> **Records for this exercise**
"""
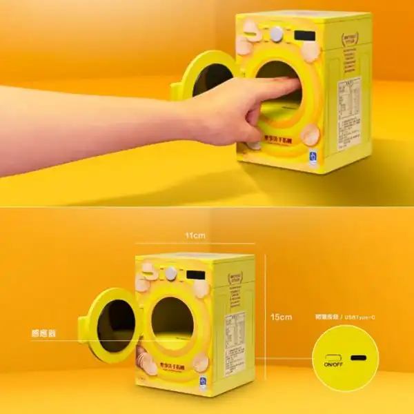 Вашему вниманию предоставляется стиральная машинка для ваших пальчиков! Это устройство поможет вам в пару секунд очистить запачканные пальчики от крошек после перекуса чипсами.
"""
"""
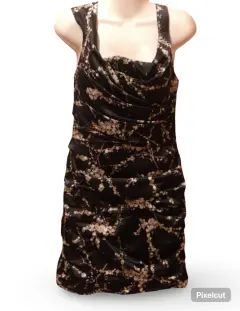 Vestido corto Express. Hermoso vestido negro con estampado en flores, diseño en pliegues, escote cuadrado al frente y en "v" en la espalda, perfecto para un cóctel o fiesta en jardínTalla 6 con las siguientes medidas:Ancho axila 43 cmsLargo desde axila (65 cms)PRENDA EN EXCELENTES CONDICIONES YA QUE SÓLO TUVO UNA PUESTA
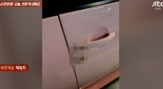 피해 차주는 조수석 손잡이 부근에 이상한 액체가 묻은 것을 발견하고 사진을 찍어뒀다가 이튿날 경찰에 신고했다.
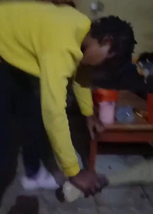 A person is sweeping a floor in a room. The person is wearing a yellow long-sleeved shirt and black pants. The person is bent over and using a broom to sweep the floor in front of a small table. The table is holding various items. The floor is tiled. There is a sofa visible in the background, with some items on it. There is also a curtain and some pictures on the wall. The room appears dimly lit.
"""
"""
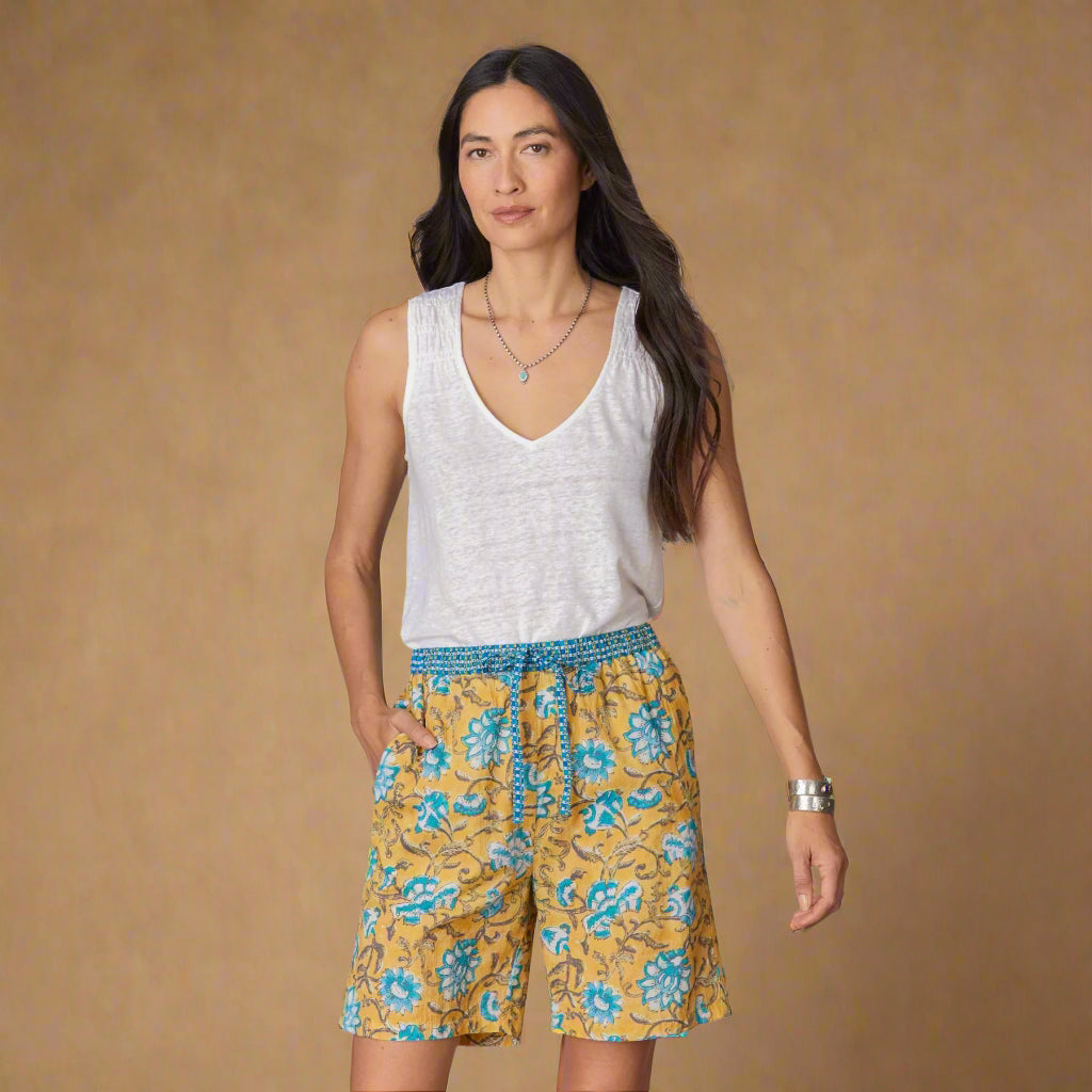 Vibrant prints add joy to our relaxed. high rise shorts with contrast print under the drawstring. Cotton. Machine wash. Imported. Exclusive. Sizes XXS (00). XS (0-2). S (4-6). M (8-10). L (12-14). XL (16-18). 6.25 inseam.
"""
> **Task prompt**
Find the line with "피해 차주는 조수석 손잡이" in the data above, and from there retype each line exactly through the line with "A person is", skipping the pictures along the way.

> **Finished task**
 피해 차주는 조수석 손잡이 부근에 이상한 액체가 묻은 것을 발견하고 사진을 찍어뒀다가 이튿날 경찰에 신고했다.
 A person is sweeping a floor in a room. The person is wearing a yellow long-sleeved shirt and black pants. The person is bent over and using a broom to sweep the floor in front of a small table. The table is holding various items. The floor is tiled. There is a sofa visible in the background, with some items on it. There is also a curtain and some pictures on the wall. The room appears dimly lit.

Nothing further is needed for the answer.